Il problema, infatti, non riguarda soltanto la disponibilità di capitale. Se una startup europea deve trasferire il proprio centro decisionale, la proprietà o parte significativa delle attività fuori dall’Unione per ottenere il finanziamento necessario alla crescita, l’Europa rischia di perdere una parte del valore economico generato dalla propria ricerca e dai propri talenti. La Commissione indica esplicitamente fra gli obiettivi del fondo la riduzione di rischi quali il trasferimento delle imprese, il controllo straniero di asset strategici e la perdita di talenti. In questo senso lo Scaleup Europe Fund rappresenta qualcosa di più di un nuovo fondo di venture capital. È uno strumento di politica industriale e di competitività. L’Europa sta cercando di costruire un mercato dei capitali capace di accompagnare le imprese tecnologiche fino alle dimensioni necessarie per competere globalmente, senza dover necessariamente passare attraverso un investitore extraeuropeo.

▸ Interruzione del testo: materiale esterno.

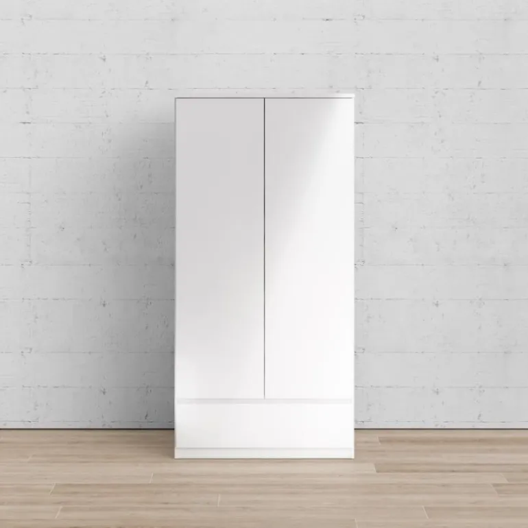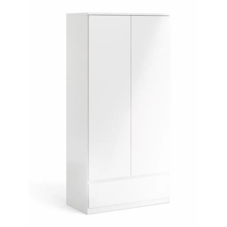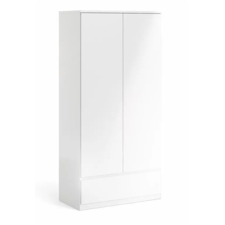 Rummeligt klædeskab i hvid højglans med 2 fløje og 1 skuffe i bunden. Skabet bliver yderst praktisk til opbevaring med sin store skuffe i bunden, og der er god plads til alt dit tøj med dette høje skab.

Per l’Italia il tema è particolarmente rilevante

Il Paese possiede un sistema articolato di università, ricerca, competenze industriali e startup innovative, ma continua a mostrare una certa difficoltà nel trasformare le eccellenze tecnologiche in imprese di scala internazionale. L’accesso a capitali growth più consistenti può quindi rappresentare un’opportunità per quelle aziende italiane che hanno già superato la fase iniziale e sono pronte ad affrontare una crescita internazionale. Il vantaggio, tuttavia, non sarà automatico. Per intercettare efficacemente questa nuova disponibilità di capitale servirà un ecosistema capace di collegare ricerca, proprietà intellettuale, università, investitori, imprese industriali e competenze manageriali. Una scaleup non cresce soltanto perché riceve finanziamenti: ha bisogno di governance, mercati, talenti, infrastrutture tecnologiche e capacità di trasformare rapidamente il capitale in sviluppo industriale. È proprio questo il passaggio che l’Europa deve riuscire a compiere. La strategia per startup e scaleup non punta infatti soltanto a creare nuove imprese, ma a costruire le condizioni perché quelle imprese possano diventare grandi. Lo Scaleup Europe Fund rappresenta uno degli strumenti attraverso cui questa strategia entra concretamente nel mercato.

La dimensione finanziaria è significativa, ma ancora più significativo è il messaggio economico

Con un obiettivo di 5 miliardi, di cui 1 miliardo di impegno della Commissione, Bruxelles sta cercando di mobilitare capitale pubblico e privato attorno a una domanda precisa: come fare in modo che le migliori imprese tecnologiche europee possano crescere in Europa invece di essere costrette a cercare altrove il capitale necessario per diventare globali? La risposta non dipenderà soltanto dal successo del fondo. Dipenderà dalla capacità degli Stati membri di costruire ecosistemi nazionali e territoriali in grado di alimentarlo con imprese competitive. Per l’Italia, dunque, la sfida non sarà semplicemente accedere ai 5 miliardi europei, ma arrivare a quel capitale con un numero crescente di imprese capaci di dimostrare tecnologia, mercato, governance e possibilità concreta di scalare.

La partita europea delle scaleup comincia quindi adesso

E il vero risultato non sarà misurato soltanto dagli investimenti effettuati dal fondo, ma dal numero di imprese che riusciranno a diventare leader internazionali senza dover lasciare l’Europa per poter crescere.